Unfortunately, this wisdom is largely foreign to us today, and precisely for that reason, so subversive. There are, then, quite a few aspects of Gómez Dávila’s work that merit closer examination.

II: Why aphorisms?

The first and most obvious is the very form of Gómez Dávila’s work: aphorisms. There has been some speculation about the motivations behind Gómez Dávila’s choice to write aphorisms, even though he himself gave the most important reason in Notas. In this early work, he stated that the only two “tolerable” ways to write were a long, leisurely style, and a short, elliptical style. However, since he did not think himself capable of the long, leisurely style, he opted for aphorisms. Aphorisms, according to Gómez Dávila, are like seeds containing the promise of “infinite consequences.” Another way to think of these aphorisms is to say that aphorisms are like the summits of ideas, which allow the reader to imagine the massive mountain beneath. The sheer number of aphorisms, then, helps take place of the long, metaphysical meditation Gómez Dávila wished for; each aphorism puts another in its proper context, and taken all together, they provide an outline of the implicit text mentioned in the title. But just as importantly for Gómez Dávila, these aphorisms, while providing context for each other, cannot be made into a thought-deadening system.

Another function that Gómez Dávila’s aphorisms served was, as their Spanish title (Escolios a un Texto Implícito) suggests, as notes on books he had read. The Spanish word escolio comes from the Greek
σχόλιον (scholion). This word is used to describe the annotations made by ancient and medieval scribes and students in the margins of their texts. Many of these aphorisms, then, are allusions to other works. They constitute the briefest of summaries of works he read, conclusions he had drawn from these works, or judgments on these works.

Finally, Gómez Dávila’s use of aphorisms was also motivated in part by polemical considerations. In the modern age, the reactionary cannot hope to formulate arguments that will convince his opponent, because he does not share any assumptions with his opponent. Moreover, even if the reactionary could argue from certain shared assumptions, modern man’s dogmatism prevents him from listening to argumentation. Faced with this situation, the reactionary should instead write aphorisms. Gómez Dávila compares his aphorisms to shots fired by a guerrilla from behind a thicket on any modern idea that dares advance along the road. The reactionary will not convince his opponent, but he may convert him.

III: What is a reactionary?

The second extraordinary feature of Gómez Dávila’s work is its “reactionary,” not merely conservative, content. “Reactionary” is mostly used today as an abusive epithet, sometimes as a synonym for that all-purpose slur, “fascist.” However, Gómez Dávila proudly labeled himself a reactionary and actually created a literary persona for himself as “the authentic reactionary,” precisely because of the stigma attached to the term. Gómez Dávila’s lifework was to be an authentic reactionary.

The term “reactionary,” then, demands some explanation. The reactionary, in the common political sense, is a rare breed in
America, primarily because of America’s own acceptance of the Enlightenment.
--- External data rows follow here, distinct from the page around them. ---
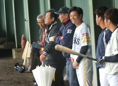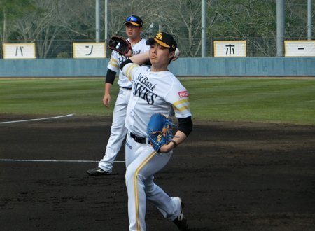 22日(土)のA組は通常練習。翌23日(日)のオープン戦初戦(対バファローズ・SOKKEN)で登板予定の東浜巨投手はブルペンでピッチングを行い、「相手は同じリーグなので、シーズンで対戦する機会も多い。いろんなものを見られると思う」と話し、「自分にとってもチームにとっても大事な登板になる」と位置づけについて説明しました。
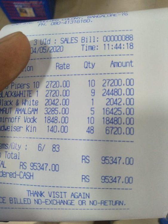 काल तिन्ही झोन मधली दारूची दुकाने काही नियम आणि अटी राखून उघडण्यात आली. एवढे दिवस दारूचा थेंब न मिळालेल्या मंडळींसाठी ही पर्वणीच होती. भल्या मोठ्या रांगा लावून लोकांनी खरेदी केली. एकट्या कर्नाटकात ४५ कोटींची मद्यविक्री झाली आहे भाऊ. ४५ कोटीत सर्वात मोठा हातभार असलेलं एक बिल सध्या व्हायरल होत आहे. या बिलमध्ये चक्क ५२,८४१ रुपये एवढ्या रकमेची दारू घेतल्याचा उल्लेख आहे.
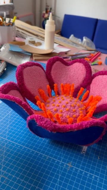 Sendes fladt pakket, så du selv kan folde og forme den til den perfekte store blomst. En legende tilgang til tekstilkunst, hvor du bliver medskaber af det endelige værk.
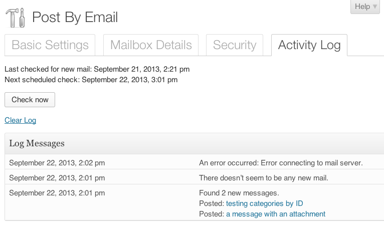 - Navigate to the "Activity Log" tab and press the "Check Now" button. When the page reloads, you should see a new entry in the log file describing the results of the mail check.
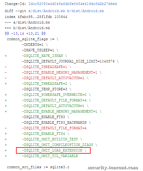 湊巧的是,出于功能和優(yōu)化的原因,Google從 Android 4.1.2開始通過預(yù)編譯宏SQLITE_OMIT_LOAD_EXTENSION,從代碼上直接移除了SQLite動(dòng)態(tài)加載擴(kuò)展的能力(如圖4)。
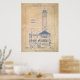 Alcatraz Island Lighthouse Blueprint Vintage Poster
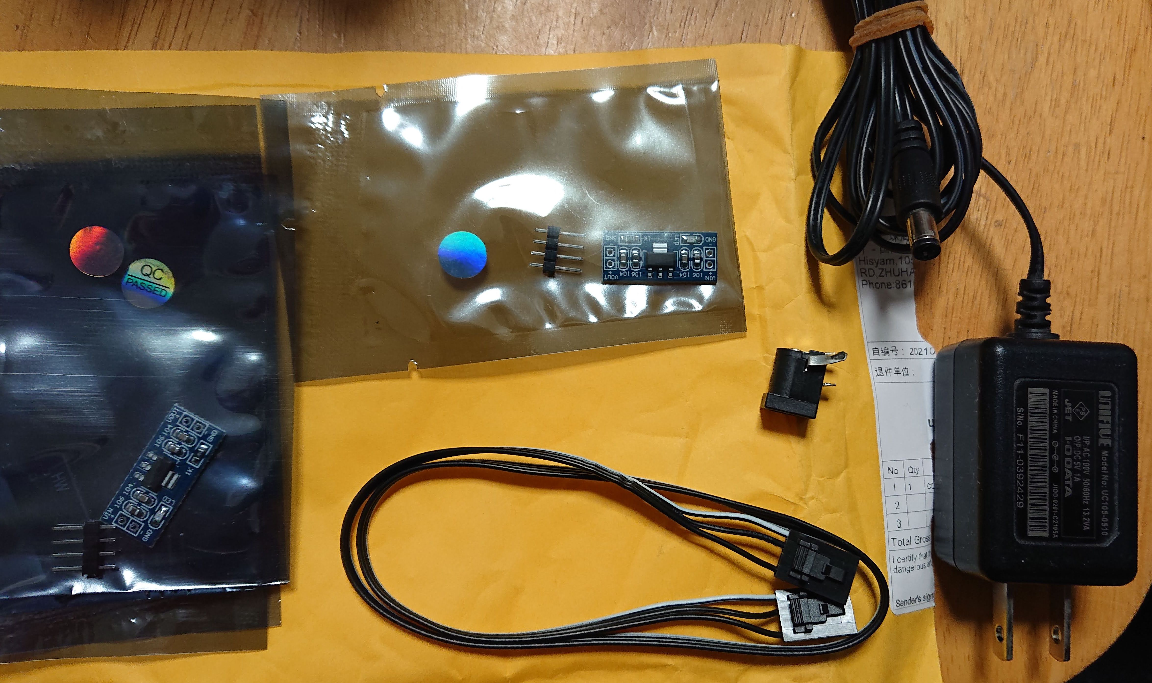 お古のアダプター、5Vの為変圧が必要です、アマゾンで変圧器をぽちっとしまして、パソコンのなんかわからんが配線も用意しました、

The reactionary, in European history, as the name indicates, is fighting against something. That something is the French Revolution (and the Enlightenment). The conflict between the forces of the Enlightenment and the ancien régime was much more polarizing in Europe than it ever was in America. While America in the aftermath of its own revolution certainly witnessed its own share of power struggles between politicians with traditional, more aristocratic leanings (Federalists) and more radically democratic tendencies (Republicans), both sides generally accepted the legitimacy of Enlightenment ideals of liberal politics, which included democracy, individual rights, and a commercial society, among other things. There was, ex hypothesi, never any serious possibility that a group of disaffected American Tories would conspire to restore the authority of the British crown over the newly-independent United States.

In
Europe, on the other hand, and especially in France, the conflict between the heirs of the French Revolution and its opponents—the original reactionaries—still raged during the time Gómez Dávila lived in Paris. Indeed, reactionary ideals exercised a powerful influence over certain sectors of French society until after World War II. One important reason for the persistence of reactionary ideals in France was the Catholic Church’s own resistance to modern liberalism (e.g., Pius IX’s Syllabus of Errors) and the persecution it often faced at the hands of secular governments following the Revolution, especially the ThirdRepublic. In France, Catholicism and reaction were often overlapping (though not always identical) categories. The tension between modern liberalism and reaction continued to be felt in French Catholic circles during Vatican II. Though reaction as a cohesive movement largely died in the wake of the Council, it has survived in some French Catholic circles to this day, most visibly among the Lefebvrites (SSPX).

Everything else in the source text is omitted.